Алеша признает, что ощущает в себе те же инстинкты («я то же самое, что и ты»), и предсказывает их целенаправленное развитие, которое Достоевский собирался описать в задуманном продолжении романа: «Всё одни и те же ступеньки. Я на самой низшей, а ты вверху, где-нибудь на тринадцатой. ‹…› Кто ступил на нижнюю ступеньку, тот все равно непременно вступит и на верхнюю»[460].

Необоримость «силы низости карамазовской» утверждается и в беседе Алеши с Иваном:

– Есть такая сила, что все выдержит! ‹…›

– Какая сила?

– Карамазовская… сила низости карамaзовской.

– Это потонуть в разврате, задавить душу в растлении, да, да?

– Пожалуй, и это… только до тридцати лет, может быть, и избегну, а там…

– Как же избегнешь? Чем избегнешь? Это невозможно с твоими мыслями.

– Опять-таки по-карамазовски.

– Это чтобы «все позволено»? Все позволено, так ли, так ли?[461]

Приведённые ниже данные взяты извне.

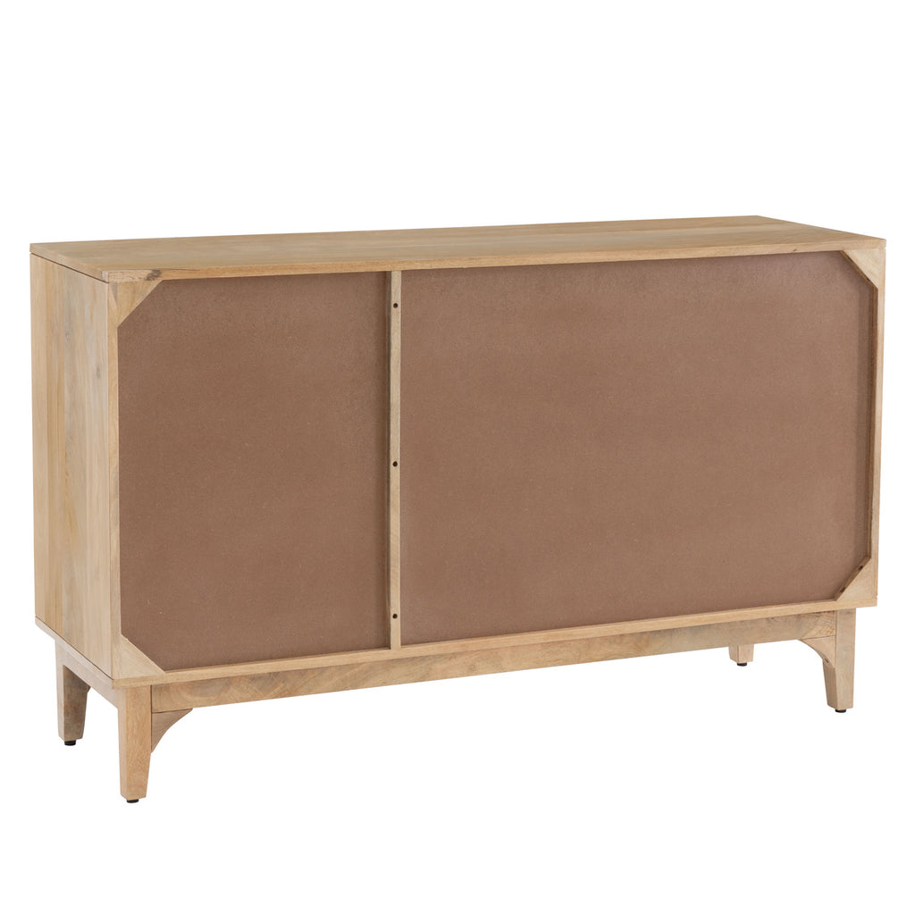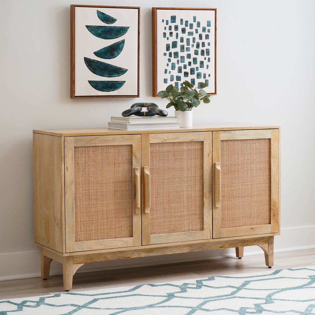 Simple and geometric, this three door cabinet offers versatile function without sacrificing distinctive style. Real cane from rattan creates natural... Simple and geometric, this three door cabinet offers versatile function without sacrificing distinctive style. Real cane from rattan creates natural texture with the 100% nautral mango wood frame. This piece complements any home in both form and function. You can use it as a media console, and entry way console, or a dining room buffet, the options are endless. Dimensions: 51 L X 16 D X 31 H View more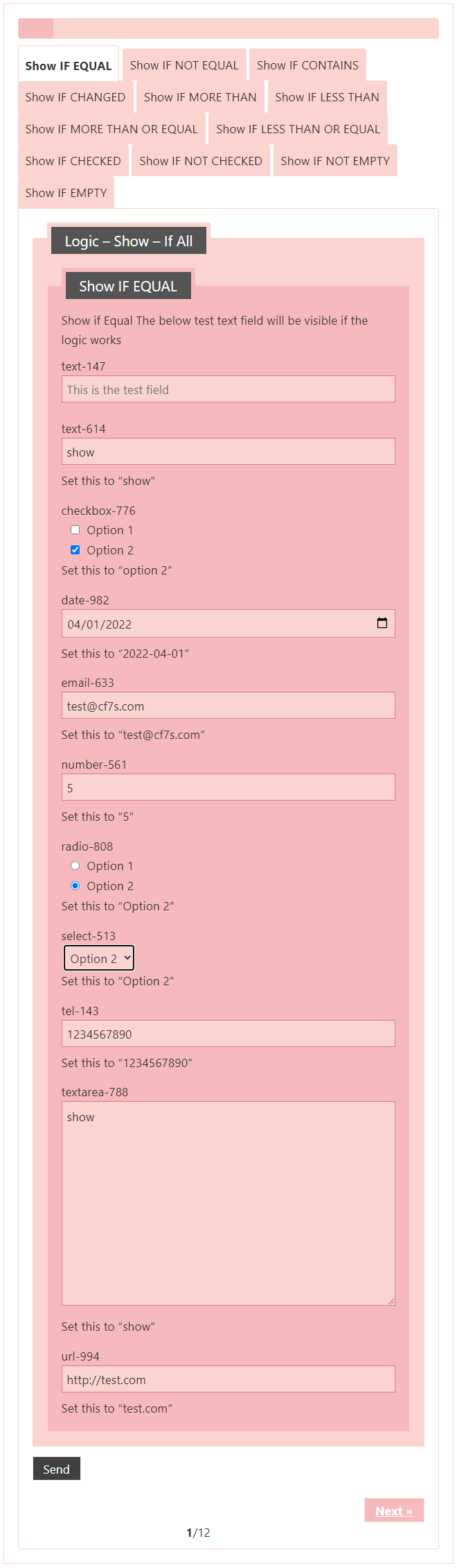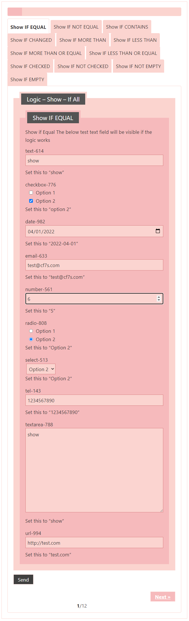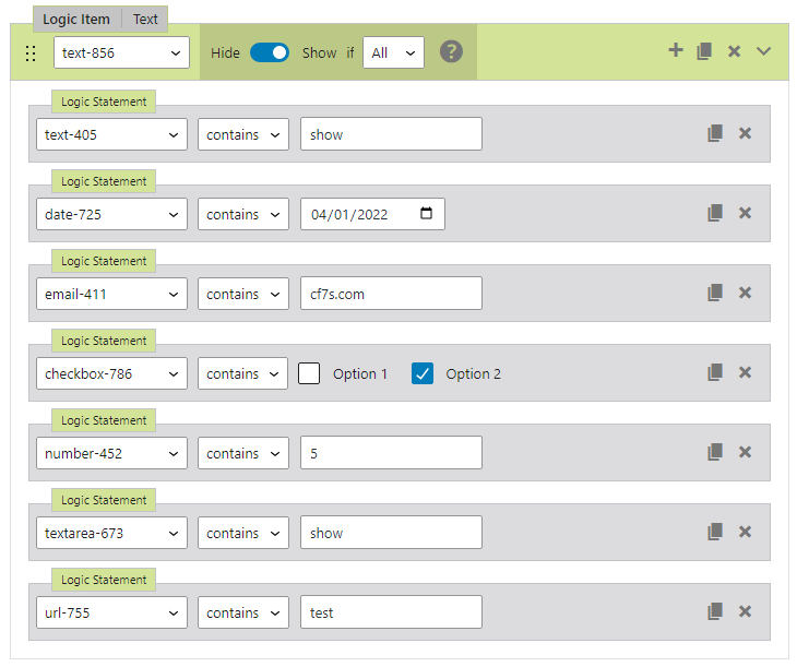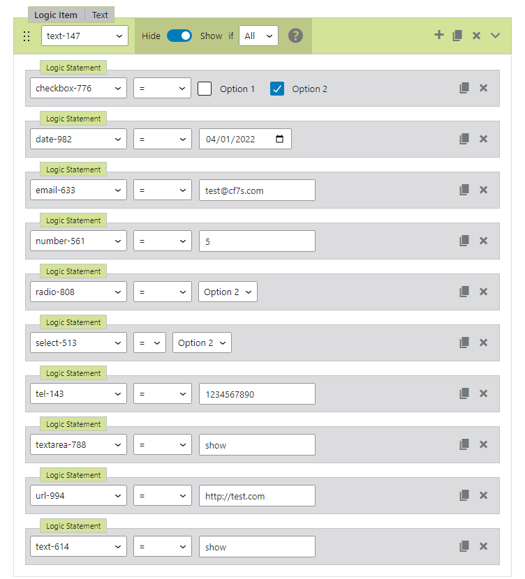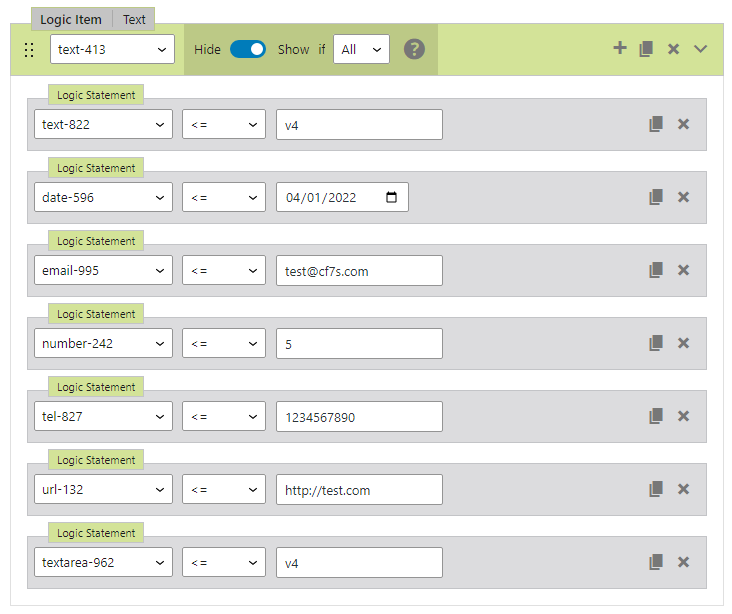 Frontend: Test – Field – If All – Show – Logic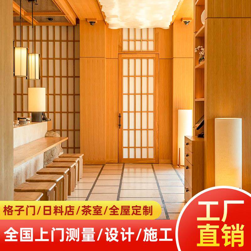 日式格子门拉门和室雪见窗原木隔断折叠全屋定制移门榻榻米格栅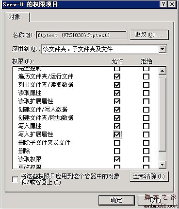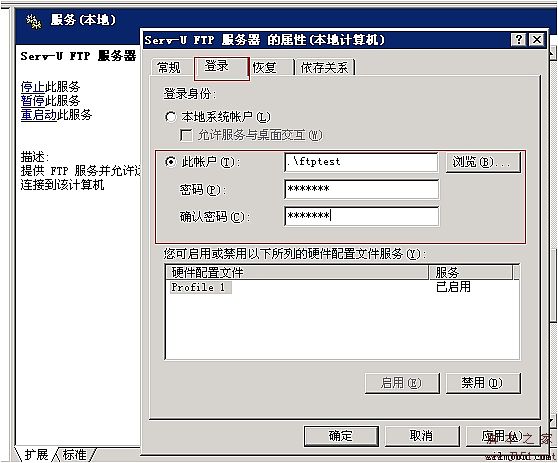 現在,在服務里重啟Serv-U FTP Server服務就可以正常啟動了。當然,到這里還沒有完全設置完,你的FTP用戶因為沒有權限還是登錄不了的,所以還要設置一下目錄的權限7.假設你有一個WEB目錄,路徑是d:/web。那么在這個目錄的“安全設定”里除了管理員和IIS用戶都刪除掉,再加入ftptest賬號,切記SYSTEM賬號也刪除掉。為什么要這樣設置呢?因為現在已經是用ftptest賬號啟動的SERV-U,而不是用SYSTEM權限啟動的了,所以訪問目錄不再是用SYSTEM而是用ftptest,此時SYSTEM已經沒有用了,這樣就算真的溢出也不可能得到SYSTEM權限。另外,WEB目錄所在盤的根目錄還要設置允許ftptest賬號的瀏覽和讀取權限(除了完全控制,更改權限,取得所有權限,遍歷文件夾/運行文件),并確認在高級里設置只有該文件夾

Именно Алеша формулирует важнейшую для авторского замысла проблему «земляной карамазовской силы»: «Братья губят себя ‹…› отец тоже. ‹…› Тут „земляная карамазовская сила“ ‹…› земляная и неистовая, необделанная… Даже носится ли Дух Божий вверху этой силы – и того не знаю»[462].

Развитие сюжета, особенно нравственное возрождение Дмитрия, призвано показать, что в карамазовской природе заключена и «жажда жизни» – потенциальный источник веры и спасения в христианском смысле. Жажда жизни, напоминающая инстинкт самосохранения, была свойственна уже Раскольникову. Именно она уберегла его от безумия и побудила признать вину. Тот факт, что жажду жизни в «Братьях Карамазовых» утверждает Иван, а на собственном опыте познает прежде всего Дмитрий[463], служит более дифференцированному, чем в «Преступлении и наказании» (1866), изображению свободы выбора между жизнью и смертью, добром и злом. При этом душевное заболевание, постигающее евклидов разум Ивана, противопоставляется христианскому смирению чувственной натуры Дмитрия с прямо-таки плакатной наглядностью.

Кроме того, высказанный в романе парадоксальный тезис о карамазовской низости как о потенциальном источнике нравственного спасения призван опровергнуть еще одну «опасную» рационалистическую идею – возможность преодолеть порочные задатки путем радикального отрицания ценности биологического отцовства. В финале своего красноречивого выступления защитник Фетюкович, опираясь на предпосылку, что «‹…› родивший не есть еще отец, а отец есть – родивший и заслуживший»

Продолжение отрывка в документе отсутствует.